Given the option, most brokers understandably prefer the prime space, but as B-20 has rendered it prohibitive for a great many borrowers, they’re in search of solutions.
“Brokers have always worked with us in the alternative space, and they’re still there, but, definitely, some brokers who previously spent most of their time in the prime space are giving us some calls to find out what we do and how we can help them,” said Abbatangelo. “I think that, for the brokers who aren’t used to working with lenders in the alternative space, it takes time to build those relationships and to get to know each other.”
Rajan Kaushal, president of Tribecca Finance, expects the alternative space to keep growing—and with it, Tribecca. He added that—as any broker would know—the stronger the relationship, the stronger the accommodation.
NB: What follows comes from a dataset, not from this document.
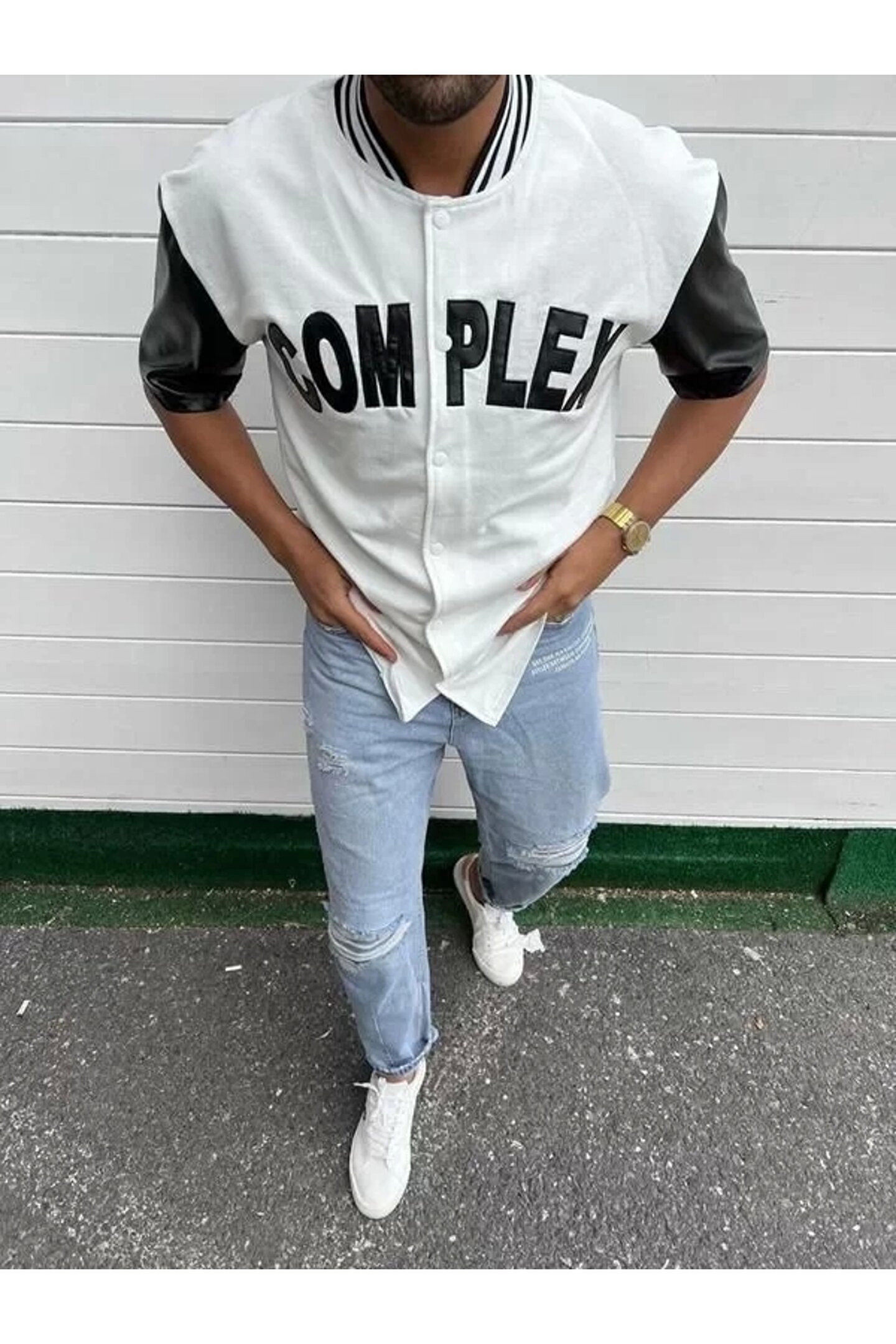 Erkek Complex Kolları Deri Kolej Oversize T-Shirt - Beyaz

“The majority of our business comes from the mortgage broker industry, and some relationships have been built over 15, 20 years,” he said. “When the relationship builds, we can do more in terms of providing the broker more exceptions and more accommodations. Once those relationships build, many good things come from it. The broker definitely benefits.”
The market has been slower this spring than many anticipated. While, because of B-20, a slow first quarter was expected, most observers thought spring would be frenzied as usual. Kaushal says that has made the alternative space even more essential.
“It brings a lot of value,” he said. “With sales being down and less there being less activity, brokers need to look at all aspects in terms of being able to do more business and do more mortgages with the alternative side. There are many products outside of conventional mortgages. Having access to relationships with alternative lenders allow them to do more for their clients and to service them better, and, ultimately, to do more business in an environment in which there’s less activity.”